The best chance became a new dead end

I’m so over everything. I’ve just come up from a very low point of near relapse, but I just phone call that’s made me realise I’m actually just at a point where everyone thinks “YOU NEED PEOPLE IN YOUR LIFE”
Yea, you’re right, I do… Which is why I went to be assessed by the psych team at the hospital, to see if they could shed some light on what is happening and hopefully give some solutions so I can get into a place where I can atleast leave my house because all my doctor is doing is piling on the medication.
But of course, that came back with nothing… They’re increasing my meds even more and signing me up for groups that I can attend on my days off work so i dont just sleep, because apparently, the solution to me being unable to get myself out of bed to attend the groups im already supposed to be attending is by throwing me in some more.

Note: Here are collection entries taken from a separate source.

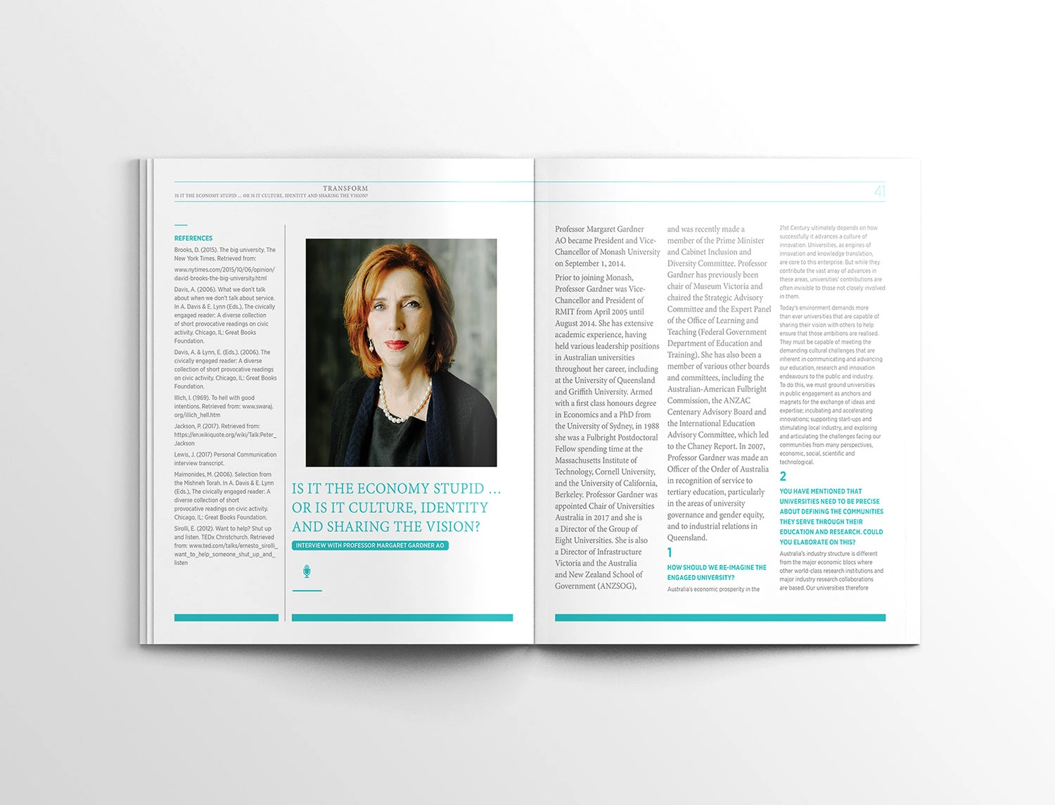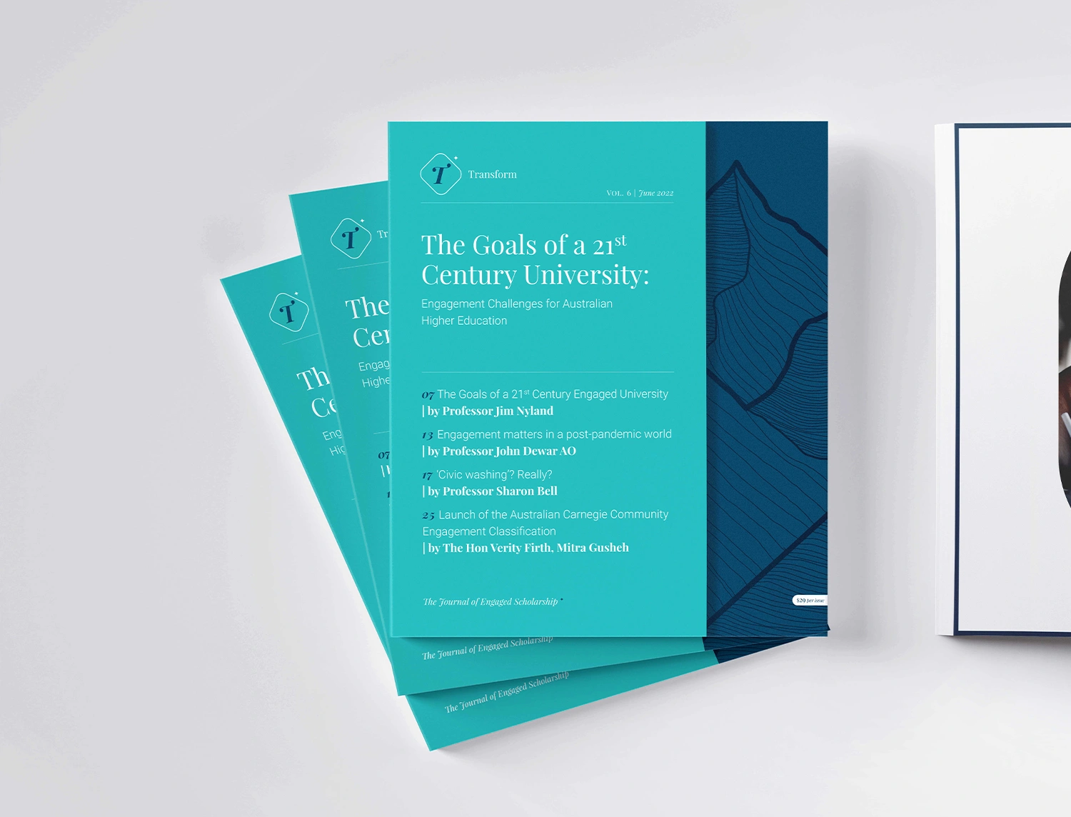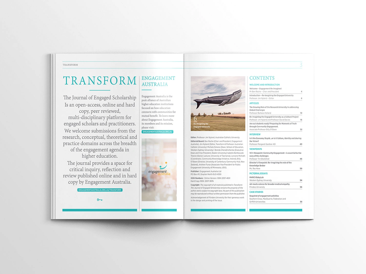 Engagement Australia produces an annual journal entitled 'Transform' which Hughes was tasked with redesigning. The design challenge was to reflect the information in a scholarly and premium style that would elevate the institutions and excite the reader.
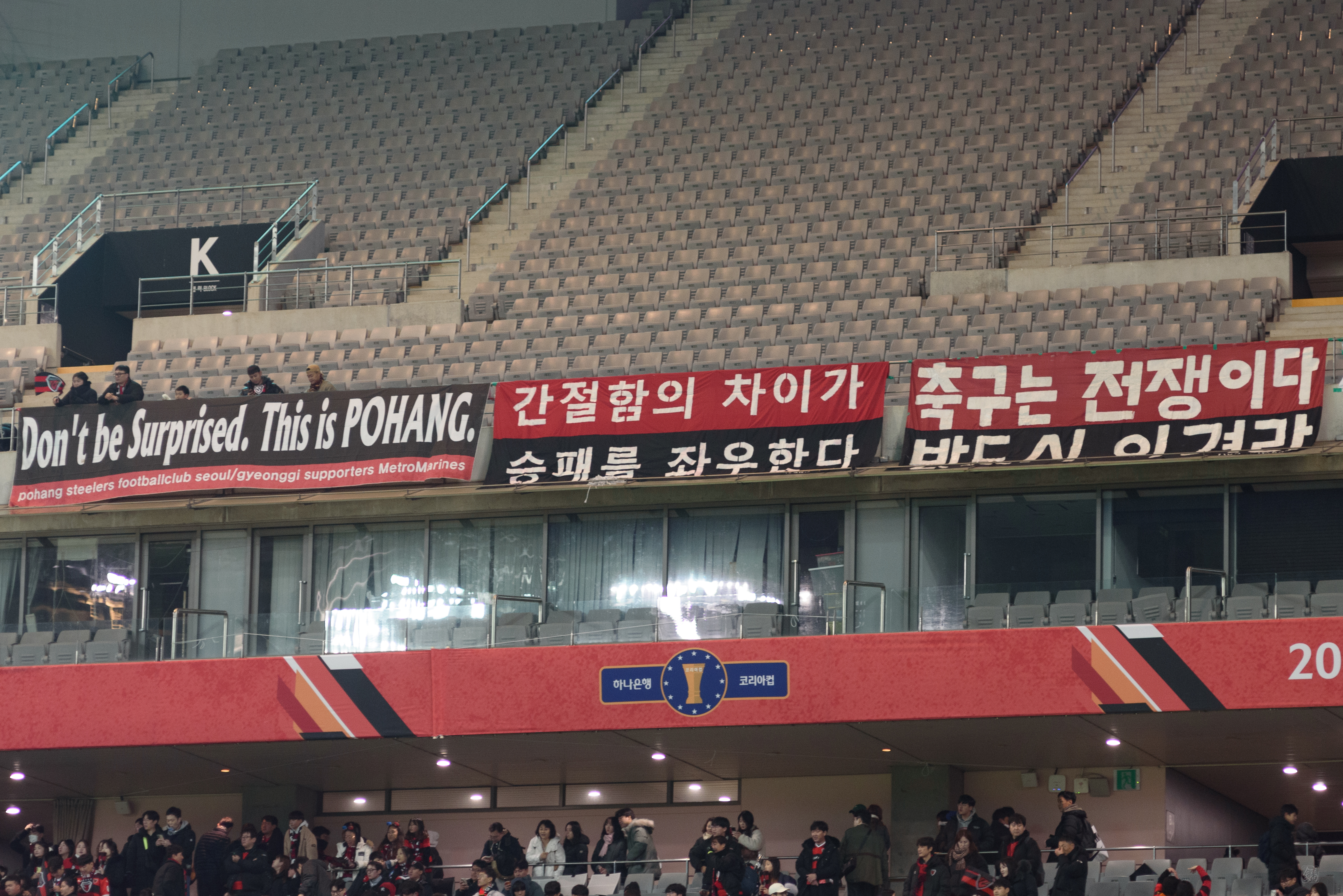 하지만 무엇보다도 가장 큰 이유는 상대가 울산 HD, 동해안 더비 라이벌이었기 때문. 이렇게 편하게 동해안더비를 볼 기회가 흔치 않은데(거의 없다..) 놓칠 수 없었다. 그리고 이 한 경기를 위해 멀리까지 오는데, 더비 라이벌이랑 맞붙는데! 그것도 결승전에서! 저쪽이 응원 목소리가 큰 것도 아는데! 비록 응원 콜을 많이 할 건 아닐지라도 내 팀 포항에게 힘을 실어주고 싶었다. [각주:1]
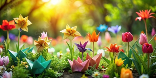 Origami flowers blooming in a tiny garden amidst lush greenery and vibrant blooms
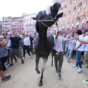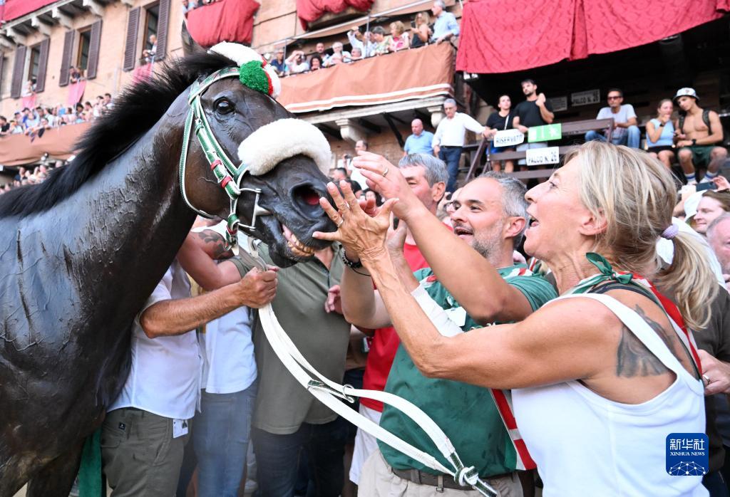 8月16日,在意大利锡耶纳,人们抚摸获胜马匹。
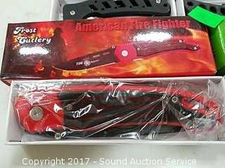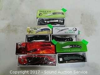 Includes: 2 Eagle Eye knives, Little Torpedo knife, American Firefighter, and Dragonclaw 2000.
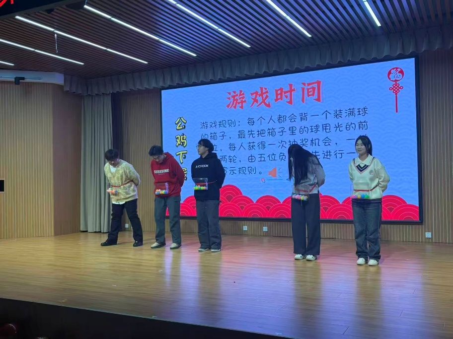 趣味互动环节成为晚会的欢乐支点:听歌识曲中选手们极速抢答,尽显音乐储备;“公鸡下蛋”游戏里,参与者的滑稽跃动让现场笑声不断,师生同窗的距离也在互动中悄然拉近。
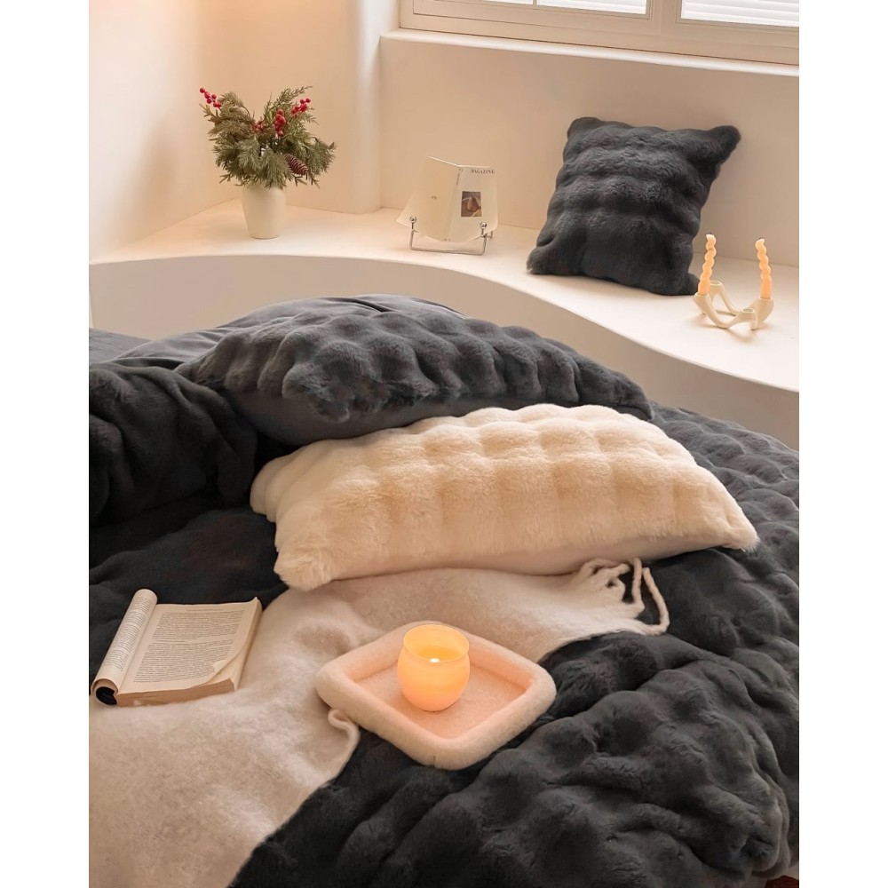 Lenjerie de Pat Dublu din Blăniță Artificială de Iepure – Răsfățul Suprem în Fiecare Noapte!
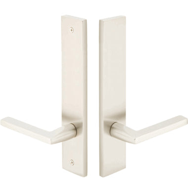 Solid Brass Modern Style Dummy Pair Multi Point Lock Trim (Brushed Nickel Finish) - The multi point lock trim displayed here includes a smooth brushed nickel finish. Measures 2 inches wide by 10 inches tall. Sold as a complete set, which includes plates, handles and cylinder. Multi point mortise lock box is not included. Trims only.
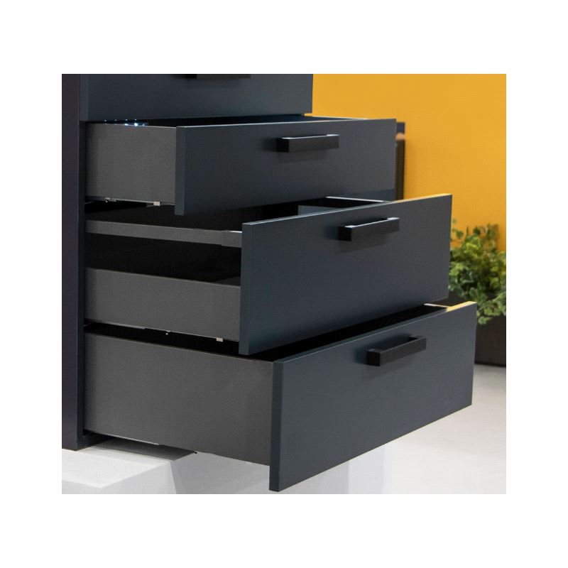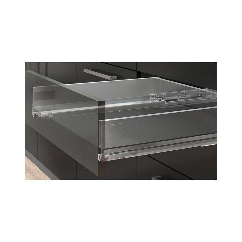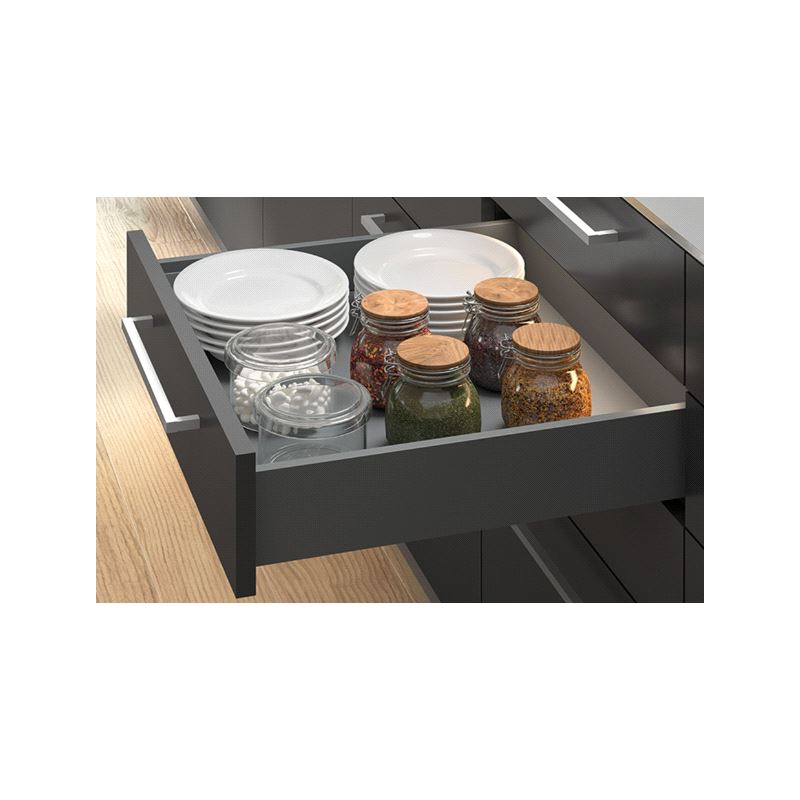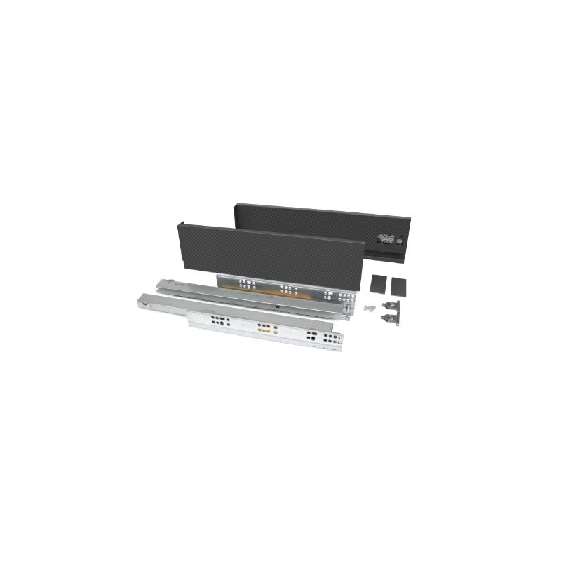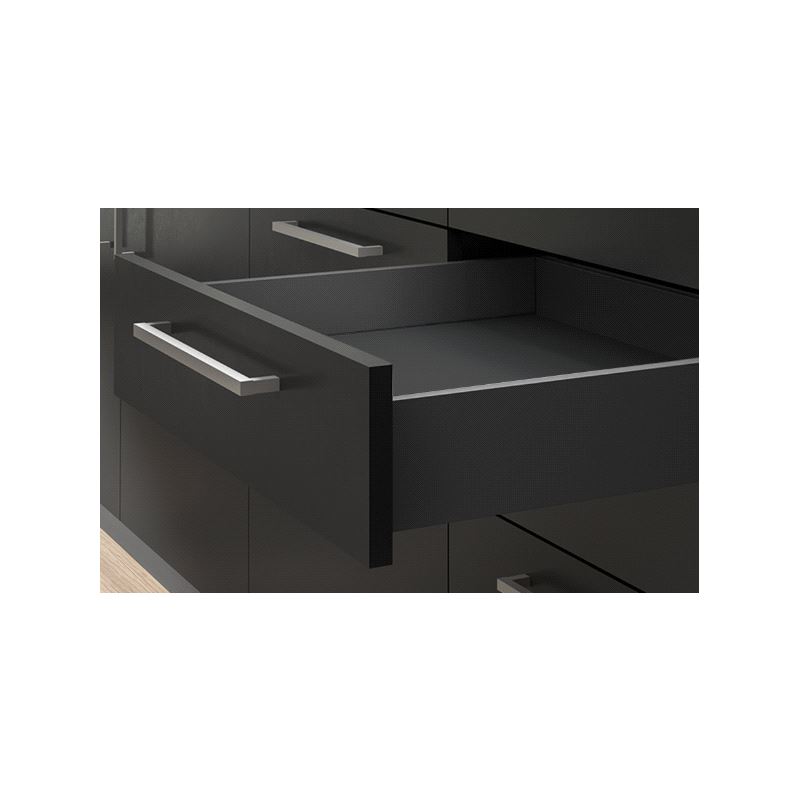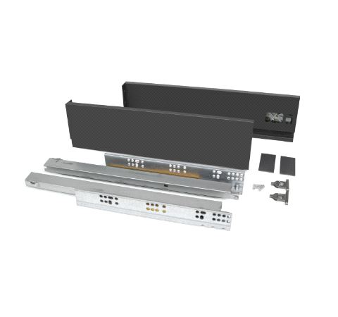 Emuca Vertex Skuffesider og skinner. Sett inneholdende skuffesider, skinner og nødvendige braketter. Bæreevne 40 kg. Fulluttrekk og demping. Tilpasset bruk av materialtykkelse 16mm i bunn og bakstykke. Mer info
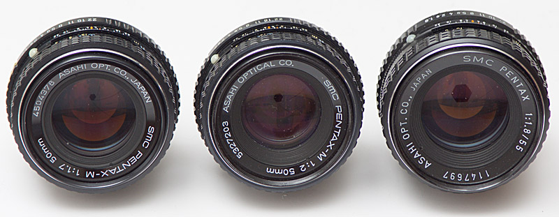 Von links nach rechts: SMC Pentax-M 1:1.7 50mm, SMC Pentax-M 1:2 50mm, SMC Pentax 1:1.8/55
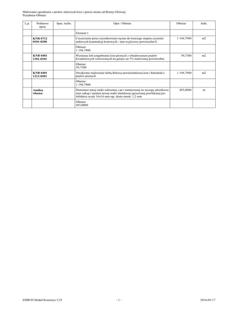 Malowanie ogrodzenia z pretów stalowych lewa i prawa strona od Bramy Głównej. Przedmiar-Obmiar L.p. Podstawa opisu Spec. techn. Opis / Obmiar Obmiar Jedn. Element 1 KNR 0712 0101-0200 Czyszczenie przez szczotkowanie ręczne do trzeciego stopnia czystości stalowych konstrukcji kratowych - stan wyjściowy powierzchni b 1 194,7900 m2 59,7300 m2 1 194,7900 m2 493,0000 m Obmiar: 1 194,7900 KNR 0401 1301-0101 Wymiana lub uzupełnienie krat prostych z wbudowaniem prętów kwadratowych walcowanych na gorąco na 5% malowanej powierzchni. Obmiar: 59,7300 KNR 0401 1212-0501 Dwukrotne malowanie farbą ftalową nawierzchniową krat i balustrad z prętów prostych Obmiar: 1 194,7900 Analiza własna: Demontaż starej siatki ochronnej z pcv montowanej na zaczepy plastikowe oraz zakup i montaż nowej siatki metalowej zgrzewanej powlekanej pcv śrfednica oczek 16x16 mm ogr. drutu mmin. 1,2 mm. Obmiar: 493,0000 EDBUD Moduł Kosztorys 3.25 -1- 2016-05-17

If no one is going to actually going to take a look at what is actually going on, and how we can help me to get myself out and about, how the fuck am i supposed to get to these groups. why do they insist on keeping me medicated when the medication isnt even fucking working? I’m done. I’m over it. I can’t take anymore. I’ve exhausted everything I know how to and I’m getting no where. it’s just constant dead ends.

I wrote a new suicide plan… I haven’t yet decided a date, but, I’m just… I can’t take this anymore. THe people who claim want too and have the power to help me are just going no where and I’m done.
I’m sorry to everyone I’m letting down, but I just can’t keep running around in circles and hitting dead ends. It’s been the same for years and I can’t keep doing it.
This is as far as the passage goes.